2. The method of claim 1, further comprising:

sending the text input to a server;

receiving, in real time, speech data synthesized from the text input by a speech synthesis service from a server.

3. The method of claim 2, wherein when a voice setting related to a voice synthesis service is changed, the notification server stops a voice synthesis operation for the text input according to a voice setting before the change using the voice synthesis service, the notification server re-performs the voice synthesis for the text input according to the changed voice setting using the voice synthesis service, and locally re-buffers voice data synthesized from the text input by the voice synthesis service according to the changed voice setting, which is received in real time from the server.

4. The method of claim 1, further comprising:

the text input is locally speech synthesized by a speech synthesis service to obtain speech data.

5. The method of claim 4, wherein when a voice setting related to a voice synthesis service is changed, a voice synthesis operation for the text input according to a voice setting before the change is stopped using the voice synthesis service, the text input is re-voice synthesized according to the changed voice setting using the voice synthesis service, and voice data synthesized from the text input by the voice synthesis service according to the changed voice setting color is re-buffered.
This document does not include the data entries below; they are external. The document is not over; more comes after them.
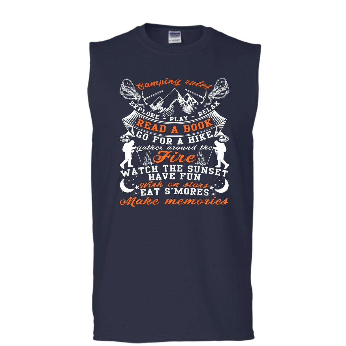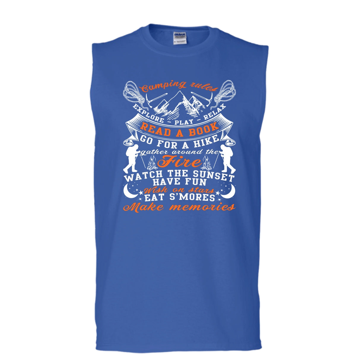 Camping Rules T Shirt, Explore-Play-Relax T Shirt, Cool T Shirt (Men's Cotton Sleeveless)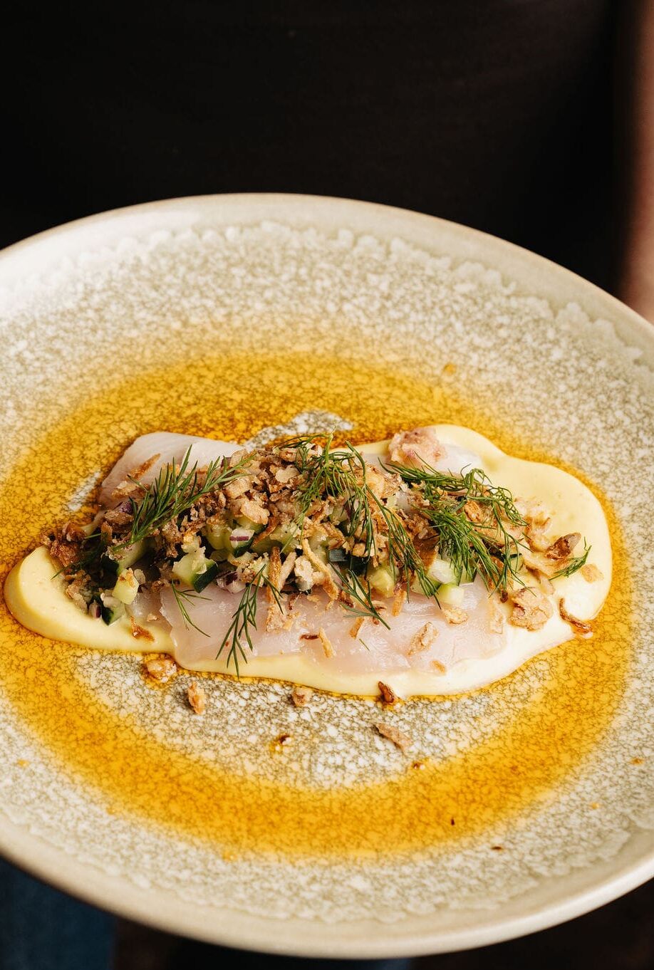 citrus dressing, cucumber salsa, dill, crispy shallots, chilli oil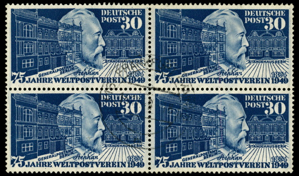 6014 Obl 669 image1949, 30pf U.P.U. (Scott 669), block of 4, Extremely Fine.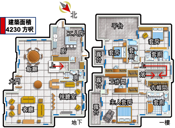 面積:4230方呎;平台約500方呎、花園1774方呎及天台約2000方呎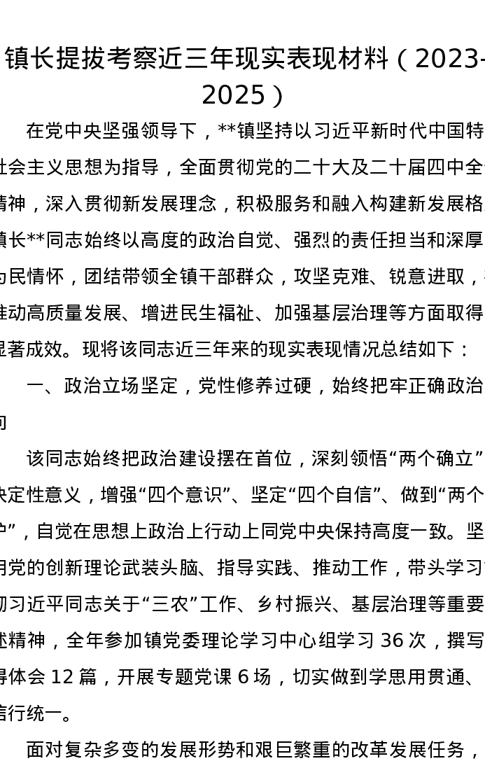 镇长提拔考察近三年现实表现材料(2023-2025)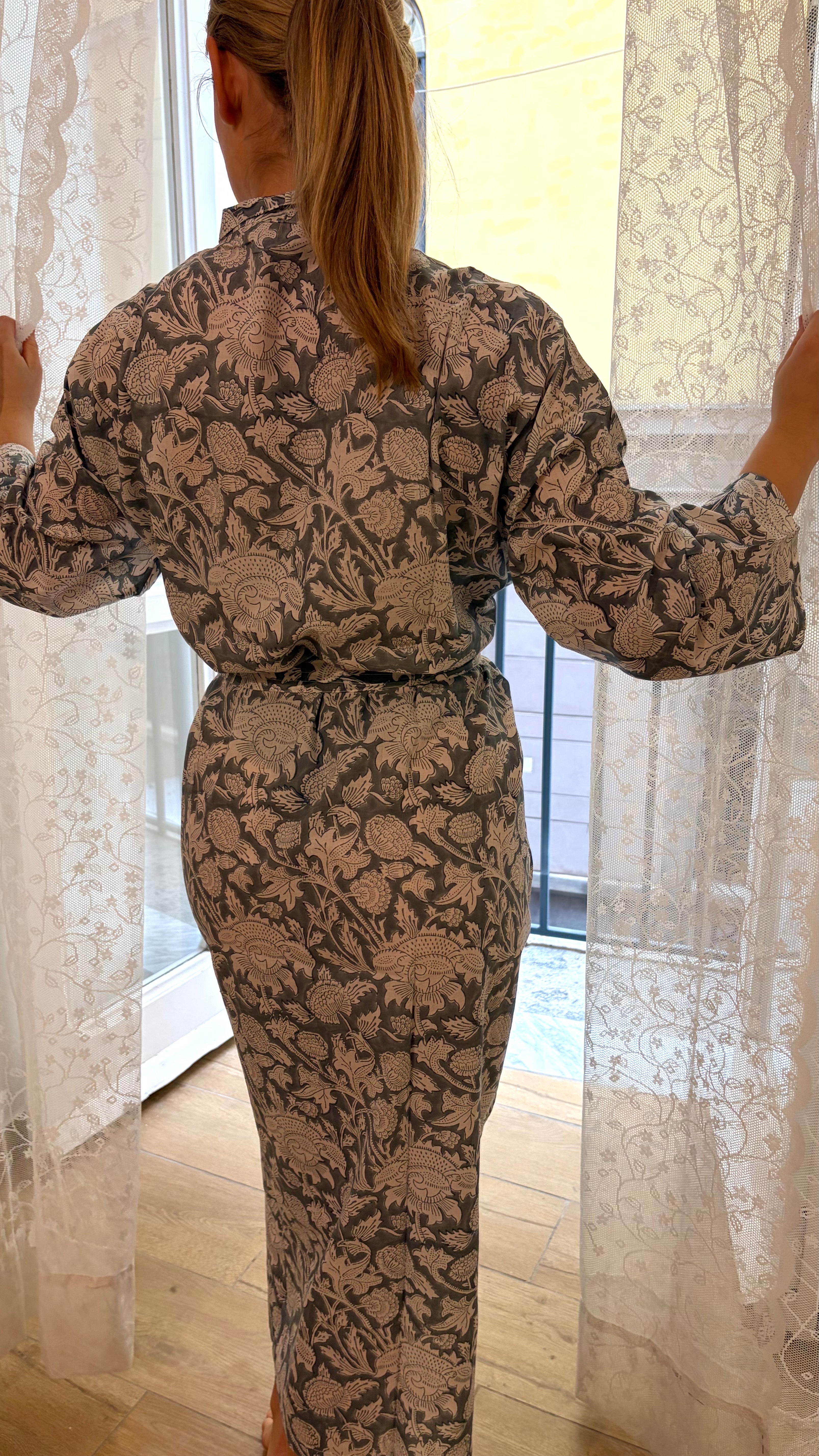 Beautiful 100% cotton kimono robe, perfect for wearing as sleepwear or loungewear. This robe is created using super lightweight and breathable cotton that becomes softer with every wash. The beautiful print is created using the ancient technique of hand block printing. This technique means each robe is a unique one-of-a-kind piece, and small imperfections may be present.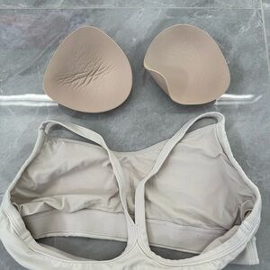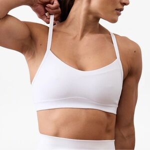 Good condition - Women’s Athleta Vital Sports Bra Low Impact Workout Removable Pads. Has removable pads. Color: white/cream. Size: M.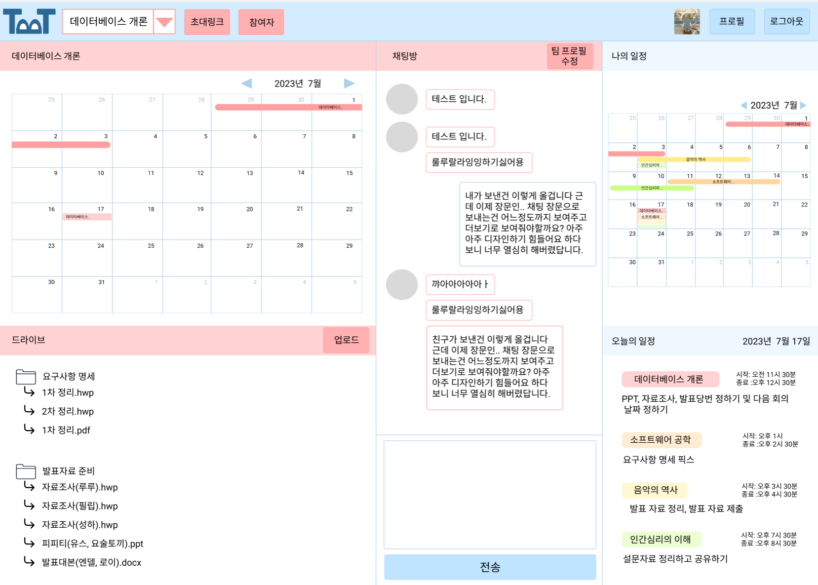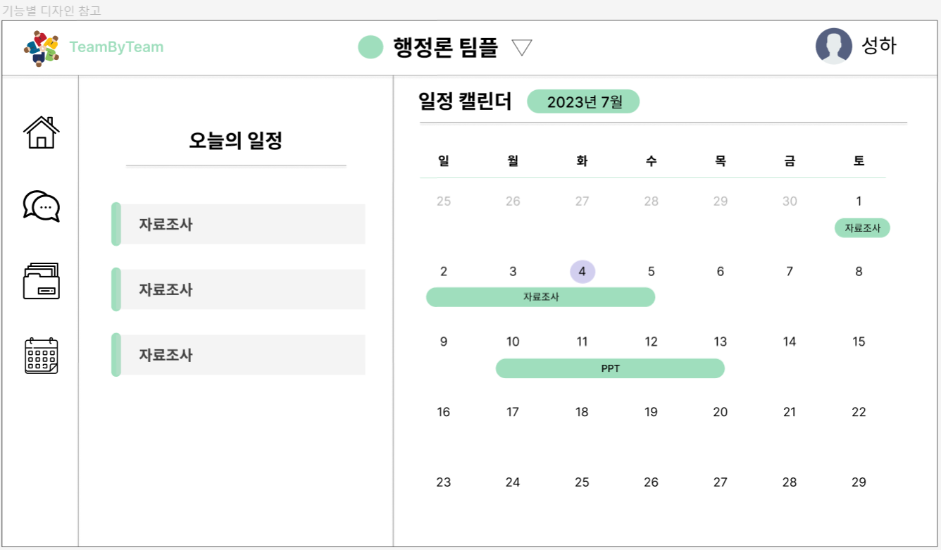 이건 성하가 만들어온거다. 왼쪽 사이드 메뉴바와 각 탭에서 보여질 화면은 이것처럼 디자인 하기로 했다. 오늘의 일정은 모아보기 페이지와 동일하게 오른쪽 사이드로 붙을 예정이다.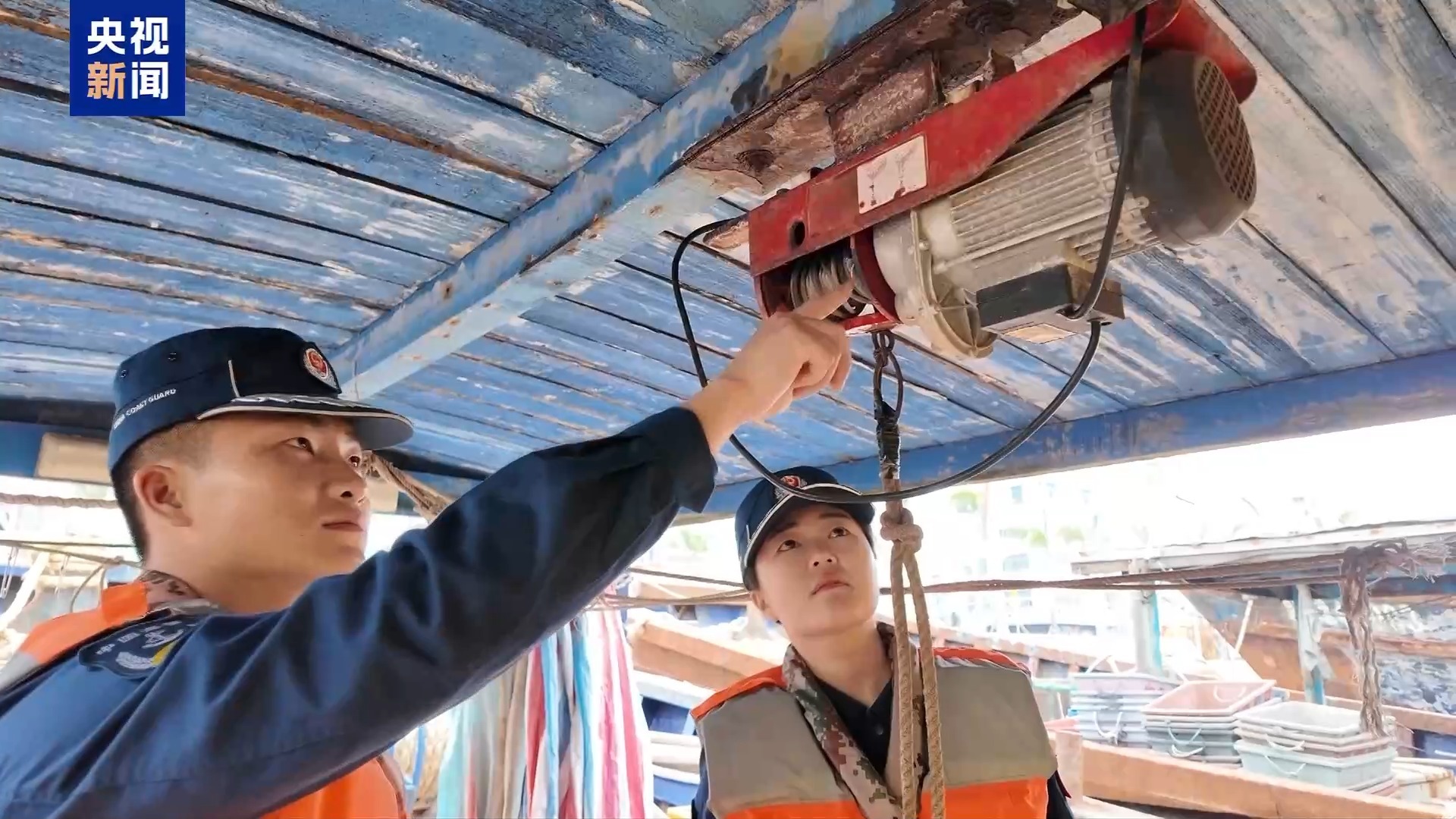 广东揭阳海警局执法员 陈淑曼:在出海作业前,一定要对作业设备做检查,尤其是起吊机、绞车等常用设备,作业前必须逐一检查。起吊机的钢丝绳是否有断丝、锈蚀,轴承是否固定牢靠、转动灵活,吊钩是否完好,卡扣是否固定;绞车的传动部位是不是正常,刹车系统是否灵敏。发现异常应当立马停止作业,避免设备故障引发意外。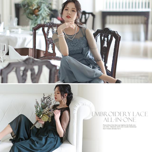 エンブロイダリーレースオールインワン【3183】10代・20代・30代・40代・50代パンツドレス・ドレスカジュアル・服装・袖あり・ブランド・半袖・長袖・七分・薄手・厚手・無地・刺繍・花柄・脚長効果・伸縮性・キレイめ・着やせ・ロング・パンツ・ガウチョ・ワイド・レース・体型カバー・スタイルアップ・小さいサイズ・3Lや4L・かっこいい・即日発送・送料無料・結婚式・婚活・披露宴・顔合わせ・発表会・演奏会・二次会・同窓会・お呼ばれ・食事会・謝恩会・親族・七五三・お宮参り・冠婚葬祭・弔事・女子会・韓国・デート・入学式・卒業式・入園式・卒園式・ママ・ピアノ・マタニティー・セレモニー・セレブ・パーティー
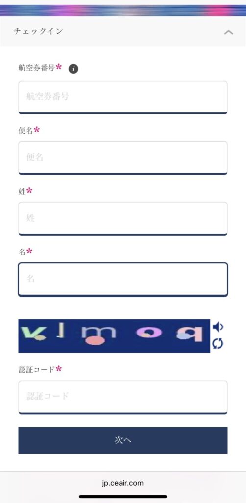 航空券番号と便名(アルファベットと数字の組み合わせ)、姓名を入れます。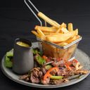 150g biff strimler, med stekt sjampinjong, rødløk og paprika. Serveres med en sidesalat, pommes frites og bearnaise saus.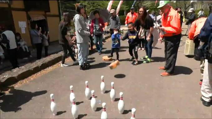 4月26日は子どもたちが丸太を転がしてピンを倒すボウリングのゲームやだるま落としなどに挑戦し、春の陽気の中、歓声をあげていました。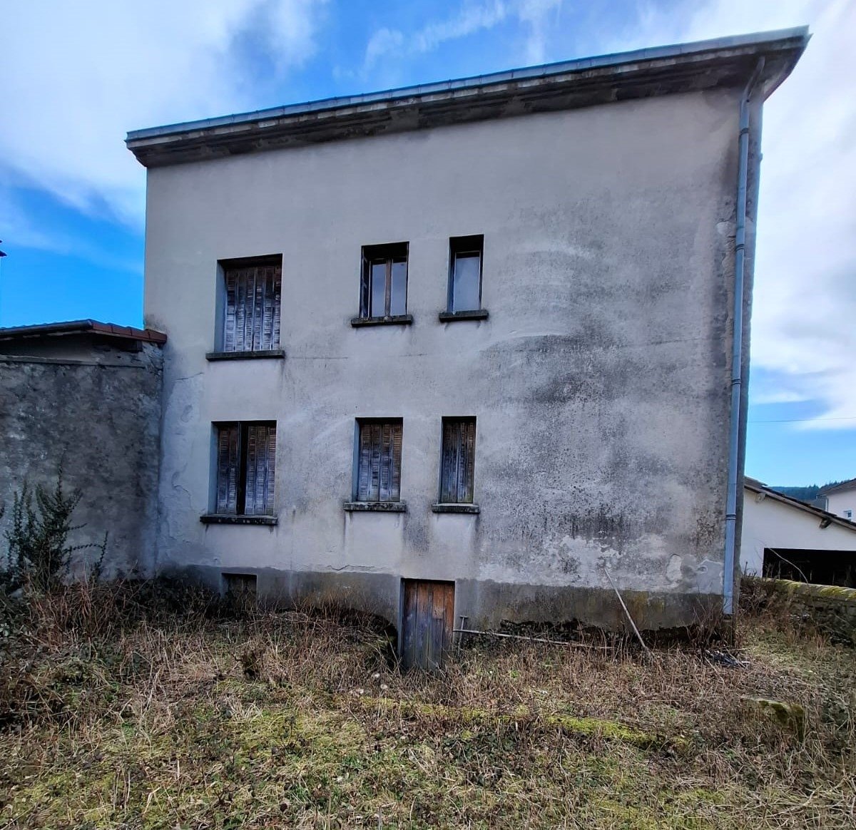 Petit immeuble résidentiel construit en 1955 et inhabité depuis plus de 15 ans. Entre Lyon et Clermont Ferrand. Il est composé d'une cave et de 3 niveaux d'habitation désaffectés.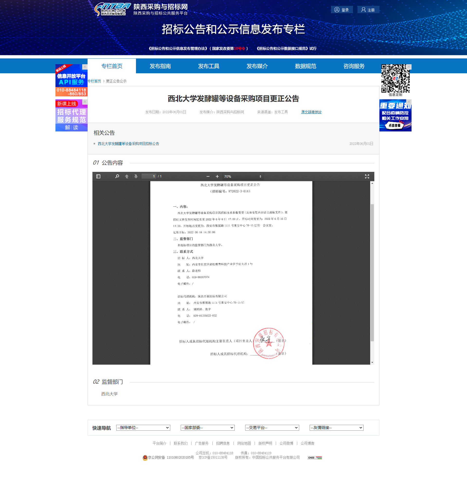 乐投平台发酵罐等设备采购项目更正公告 作者: 编辑:薛利娟 时间:2022-06-01 原公告链接:http://bulletin.sntba.com/changeBulletin/2022-06-01/428102.html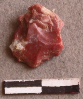 | Description / विवरण | Jasper stone fragment with bulb of percussion, pinkish in color and with a white irregular band formation. |

6. An apparatus for voice previewing, comprising:

a receiving unit configured to receive a text input;

a buffer unit configured to buffer voice data synthesized from the text input by a voice synthesis service in real time;

a decoding unit configured to decode the buffered voice data in a case where the synthesized voice data is buffered up to a playable length;

a playing unit configured to play the decoded audio data.

7. The apparatus of claim 6, further comprising:

a transmitting unit configured to transmit the text input to a server,

wherein the receiving unit is further configured to receive, in real time, speech data synthesized from the text input by a speech synthesis service from a server.

8. An electronic device, comprising:

at least one processor;

at least one memory storing computer-executable instructions,

wherein the computer-executable instructions, when executed by the at least one processor, cause the at least one processor to perform the method of any one of claims 1 to 5.

9. A speech processing system, comprising:

a terminal device configured to receive text input, transmit the text input to a server, buffer voice data received from the server and synthesized from the text input through a voice synthesis service in real time, and decode and play the buffered voice data when the received voice data is buffered to a playable length; and

and the server is configured to perform voice synthesis on the text input received from the terminal equipment through a voice synthesis service to obtain voice data, and transmit the obtained voice data to the terminal equipment in real time.

10. A computer-readable storage medium storing instructions that, when executed by at least one processor, cause the at least one processor to perform the method of any one of claims 1 to 5.